Trigonometric Integral excersice

[alba_ei]

Homework Statement

Integral of $$\int \sin^{11/3}\alpha\, d\alpha$$

Homework Equations

$$\sin^2\alpha = 1 - cos^2\alpha$$

The Attempt at a Solution

$$\int (\sin^2\alpha)^{4/3}\sin\alpha \, d\alpha$$

$$\int (1-cos^2\alpha)^{4/3}\sin\alpha \, d\alpha$$

$$u = \cos\alphad$$
$$du = \sin\alpha\, d\alpha$$

$$\int (1-u^2)^{4/3} du$$
i don't know what else to do. any hints or tips?

 

[dextercioby]

Interesting integral.

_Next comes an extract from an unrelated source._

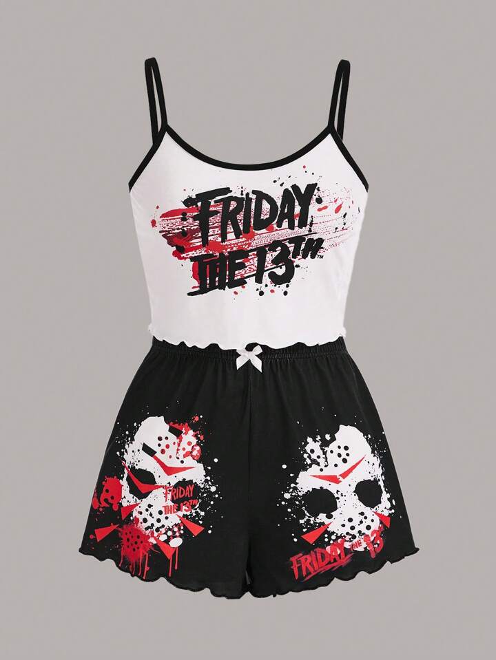 Friday the 13th X ROMWE Pijama con gráfico de calavera de letras, con borde de lechuga, para la escuela

Mathematica returns an answer involving the Gauss hypergeometric function $_{2}F_{1}$

 

[tim_lou]

the integral seems pretty hopeless to evaluate due to the cubic root... are there bounds to the integral? that could potentially simply things a whole lot.

 

[alba_ei]

the integral seems pretty hopeless to evaluate due to the cubic root... are there bounds to the integral? that could potentially simply things a whole lot.

It doesn't have upper or lower limits I am just looking for the antiderivate

 

[dextercioby]

There you go: add a constant to the result.